Die Entführung aus dem Serail at Glyndebourne

Glyndebourne had a thing for lesser known Mozart operas and I did too after seeing Bastien and Bastienne at Grimeborn in 2012 and La finta giardiniera at Glyndebourne last year. Some friends that we had taken to Glyndebourne several times before were interested in seeing Die Entführung aus dem Serail too so we were the usual foursome.

We decided to go for cheap seats for this one knowing that we could hear the music clearly wherever we sat. The seats we got in the ballot were Blue Circle Box 15 and 16, that was four seats at a miserly £50 each. There were some drawbacks with the seats. The view of the stage was fine but the view of the supertitles was obstructed which meant that I had to wriggle in my seat a little to read all the text. A small price to pay for a small price.

Despite all of us being regular visitors to Glyndebourne we did the walk around the garden thing and enjoyed it immensely despite its familiarity.

We also enjoyed the other familiar habits like the tea and cake on arrival and, obviously, the sparkling wine with the main meal during the long interval. The opera at Glyndebourne is a great attraction but it is everything else that goes with it that makes it an event.

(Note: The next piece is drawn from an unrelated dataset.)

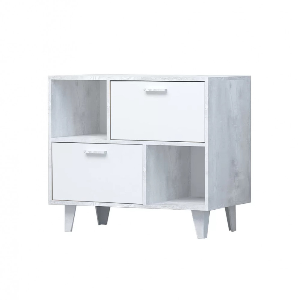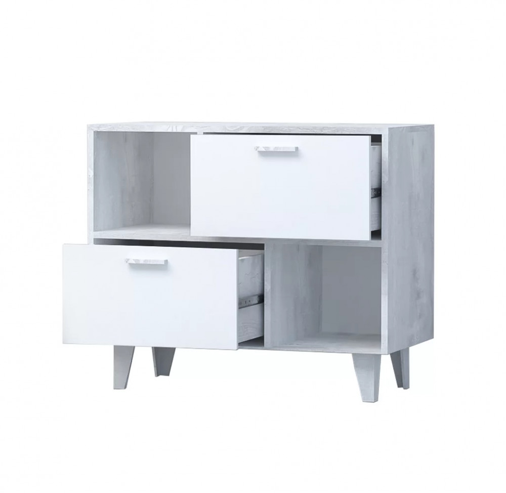ЭГО К-1 Комод с 2мя ящиками бетон светлый/белый глянец на ножках
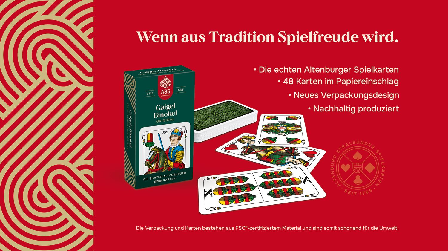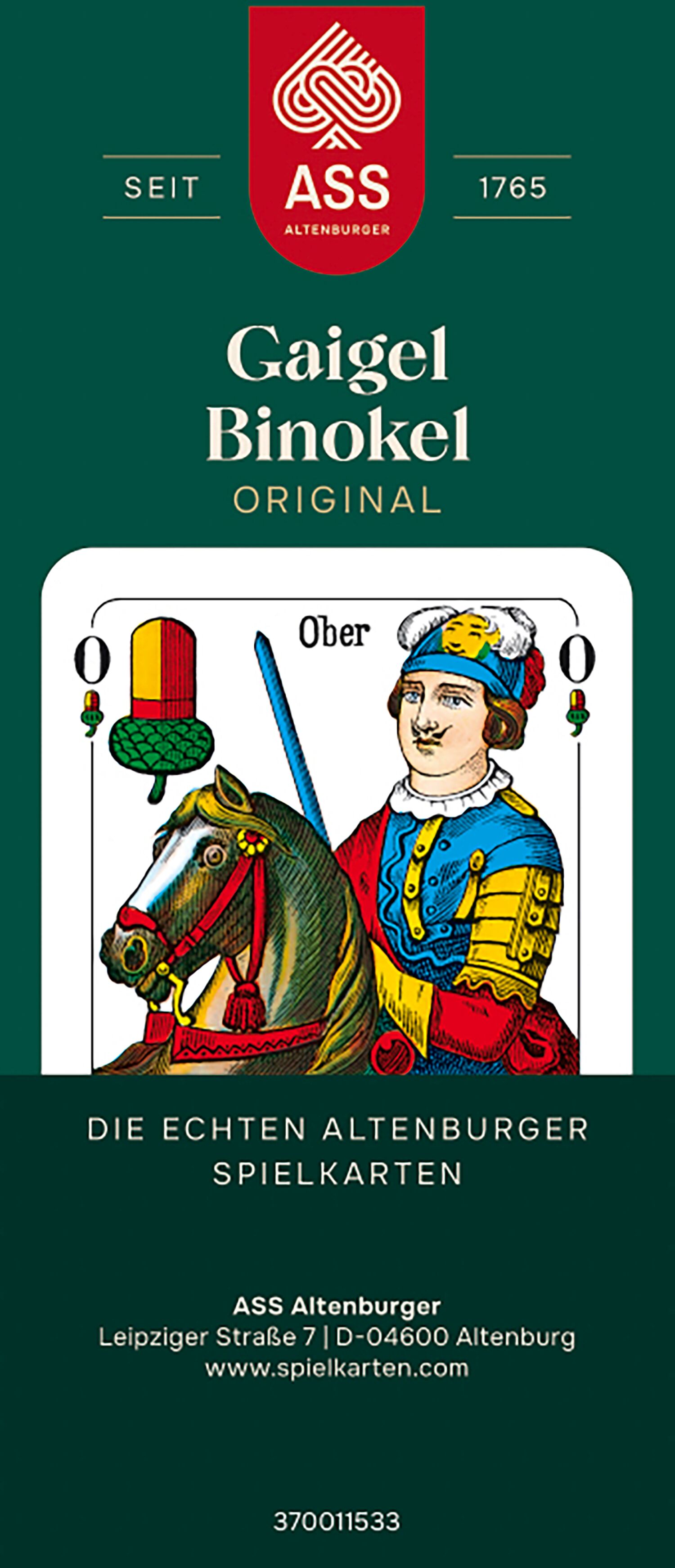Gaigel/Binokel, württembergisches Bild in Faltschachtel Gaigel und Binokel, das Spiel für 2-6 Spieler mit Württembergischem Bild. Weit verbreitet bei den Schwaben, sind Köpfchen und Gedächtnis gefragt.ASS Altenburger ist das älteste bekannte Unternehmen in der...

Die Entführung aus dem Serail translates to The Abduction from the Seraglio and concerns two women who had been abducted by by a Turk and the two men trying to get them back. In the way was the abductor and his burly servant. Despite the premise it was actually a comic opera and one with a heart too. The men's plots to get the women back were amateurish and easily foiled while the Turkish servant had problems with his wife in the kitchen.

The style of the opera was singspiel, or sing-play, which is to say that the narrative was spoken and punctuated with the songs. It's a perfectly valid form of opera and while that meant that it had less music than one that was fully sung it also meant that the plot was easier to follow. The songs were pretty enough, they were written by Mozart, and the whole thing was rather jolly.

The heart bit came at the end when the big bad Turk turned out not to be such a baddy after all and, even better, he made a point of behaving better than the Europeans had behaved to him. And they all lived happily ever after (apart from the servant).

After the opera there was time for a coffee and a chat while others queued to get out of the car park.

This day at Glyndebourne, like so many others, ran from about 3pm to 10pm, and was a wonderful day, like so many others.